Но дело было не только в расстреле близкого человека, даже если бы известие оказалось верным. Мировосприятие Ахматовой, очевидно, совпало с тем мироощущением Пастернака, которое заставило его взять к «Распаду» эпиграф из «Страшной мести» с его глубинным ужасным смыслом.
Гибель детей… «Для того ль тебя носила / Я когда-то на руках…» (Вспомним горькое – «Вот для чего я пела и мечтала…».)
Убитые младенцы у Гоголя, «слезинка ребенка» у Достоевского…
Самовластительный злодей,
Тебя, твой трон я ненавижу!
Твою погибель, смерть детей
С жестокой радостию вижу!
Так декларировал в 1818 году молодой Пушкин. Речь шла о Наполеоне. Через сто лет наследники поэта уже не могли заставить себя чувствовать «жестокую радость». Наоборот, нет сомнения, что они считали убийство царской семьи – мальчика-наследника, женщин, совершенно невинной обслуги – отвратительным преступлением. Но кровь самого Николая II, пролитую в июле 1918 года в Екатеринбурге, они восприняли как трагический ответ на невинную кровь 9 января 1905 года.
На рубеже 1921–1922 годов Мандельштам писал в очерке «Кровавая мистерия 9-го января»:
«Сколько раз разбивалась процессия петербургских рабочих, докатившись до последней роковой заставы, сколько раз повторялась мистерия девятого января? Она разрослась одновременно во всех концах великого города – и за Московской, и за Нарвской заставой, и на Охте, и на Васильевском, и на Выборгской…
Вместо одного грандиозного театра получилось несколько равноправных маленьких. И каждый из них справлялся самостоятельно со своей задачей: обезглавливанием веры в царя, цареубийственным апофеозом, начертанным кровью на снегу.
Любая детская шапочка, рукавичка или женский платок, жалко брошенный в этот день на петербургских снегах, оставались памяткой того, что царь должен умереть, что царь умрет.
Может, во всей летописи революции не было другого такого дня, столь насыщенного содержанием, как 9-е января.
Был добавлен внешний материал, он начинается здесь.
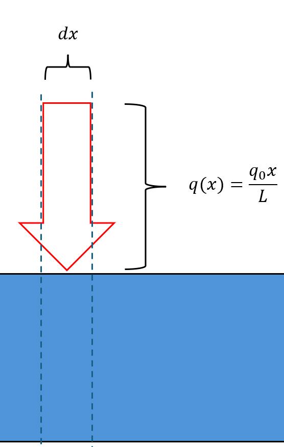Kraften på längdelementet blir enligt figuren , och totala kraften blir därför
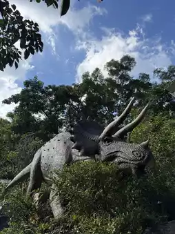 In addition to the lush tropical rainforest and refreshing phytoncides, the Big Roots Forest Park offers an unexpected sight: towering dinosaur models nestled among the trees.

Сознание значительности этого дня в умах современников перевешивало его понятный смысл, тяготело над ними, как нечто грозное, тяжелое, необъяснимое.
Урок девятого января – цареубийство – настоящий урок трагедии; нельзя жить, если не будет убит царь»[60].
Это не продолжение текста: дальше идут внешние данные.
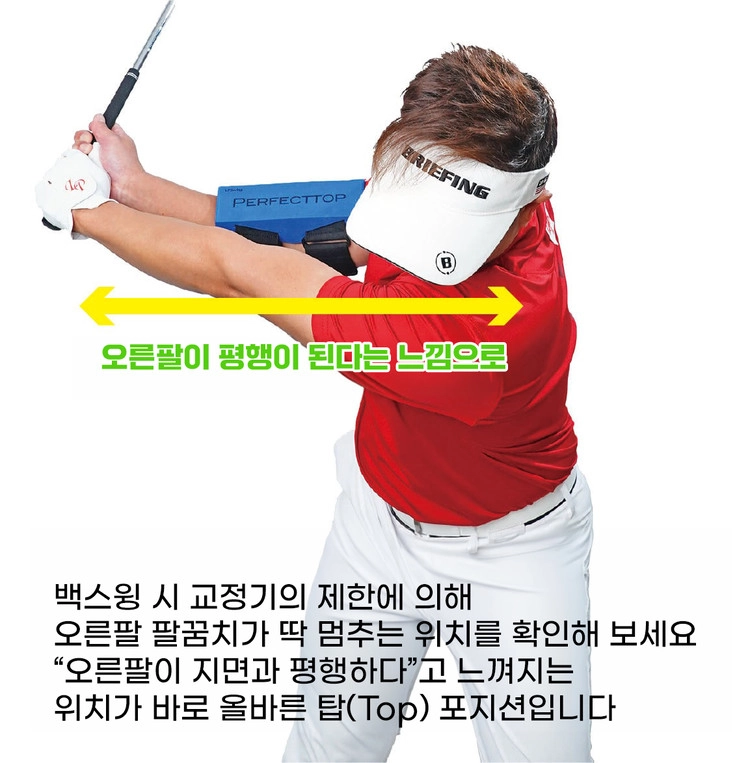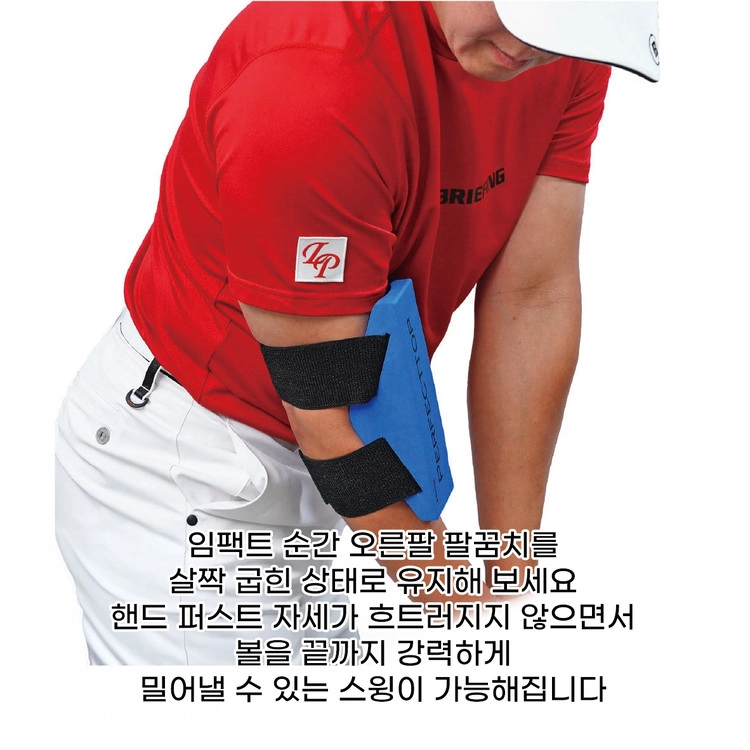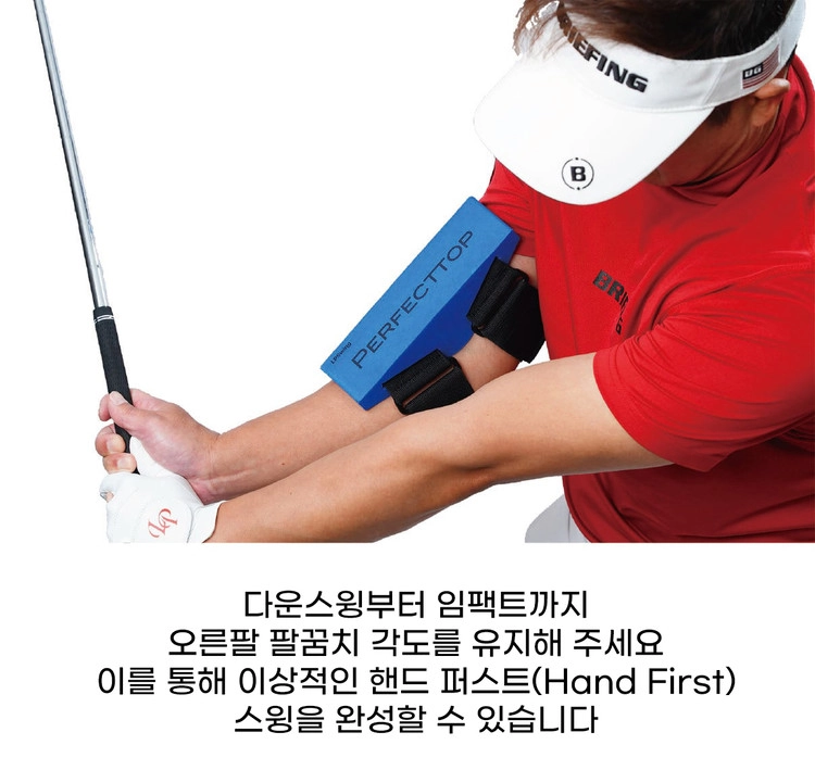 사용법은 매우 간단합니다. 오른팔꿈치 안쪽에 본체를 세팅하고 백스윙을 하는 것만으로도 기구의 물리적 제한을 통해 왼팔이 지면과 평행을 이루는 ‘이상적인 탑 포지션’을 자연스럽게 체득할 수 있습니다. 이렇게 유지된 오른팔의 각도를 다운스윙부터 임팩트까지 그대로 가져가면 프로들의 전유물인 ‘핸드 퍼스트(Hand-First)’ 임팩트가 실현됩니다. 파워 손실을 막고 비거리와 방향성을 극적으로 향상시켜 주는 ‘퍼펙트 탑’으로 당신의 스윙을 한 단계 더 진화시키세요

Мандельштам отнюдь не был кровожаден. Он был подлинным русским интеллигентом со всеми вытекающими отсюда гуманистическими последствиями. Он, как известно, рискуя головой, вырвал из рук пьяного чекиста пачку подписанных смертных приговоров, разорвал их и спас этим от гибели несколько человек. Но на преступление царской власти он смотрел так, как и большинство либеральных интеллигентов. Что, впрочем, вовсе не гарантировало их лояльности по отношению к советской власти.
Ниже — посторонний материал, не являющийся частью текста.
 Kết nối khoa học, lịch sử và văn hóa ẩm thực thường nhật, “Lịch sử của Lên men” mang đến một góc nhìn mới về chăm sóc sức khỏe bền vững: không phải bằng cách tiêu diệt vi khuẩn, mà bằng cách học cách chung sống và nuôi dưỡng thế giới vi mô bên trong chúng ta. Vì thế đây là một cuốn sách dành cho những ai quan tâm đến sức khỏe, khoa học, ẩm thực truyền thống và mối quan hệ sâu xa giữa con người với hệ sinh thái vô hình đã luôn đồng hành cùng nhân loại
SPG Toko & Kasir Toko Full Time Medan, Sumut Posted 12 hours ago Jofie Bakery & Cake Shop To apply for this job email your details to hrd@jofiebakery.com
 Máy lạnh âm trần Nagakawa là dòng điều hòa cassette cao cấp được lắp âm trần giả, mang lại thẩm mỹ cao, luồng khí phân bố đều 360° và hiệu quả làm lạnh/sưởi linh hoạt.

Вряд ли Ахматова судила о преступлении 9 января иначе. В автобиографических записях есть такие строки:
«Непременно, 9 января и Цусима – потрясение на всю жизнь, и так как первое, то особенно страшное».
Мандельштам писал «Мистерию 9-го января» уже после убийства любимого и почитаемого им Гумилева (много позже он сказал Ахматовой, что всю жизнь разговаривает с Гумилевым – «с Колей»). И тем не менее его отношение к самодержавию осталось бескомпромиссным.
Мировоззрение «от противного» не было им свойственно.
Ни Ахматова, ни Мандельштам не были ни убежденными монархистами, ни – тем более, как видим, – поклонниками самодержавия. Их оппозиция Октябрю, как прежде приятие Февраля, объясняется одной и той же причиной – их либерализмом и, если угодно, демократизмом.
Для того ли разночинцы
Рассохлые топтали сапоги,
чтоб я теперь их предал? –
писал Мандельштам уже в 1931 году. Тот же вопрос мог он задать себе и в 1917-м. Но если «взглянув на историю взглядом Шекспира», он с 1918 года – до поры! – дрейфовал к лояльности, как и Пастернак, то Ахматова осталась неколебимо последовательной, и последовательность эта определялась той же традицией.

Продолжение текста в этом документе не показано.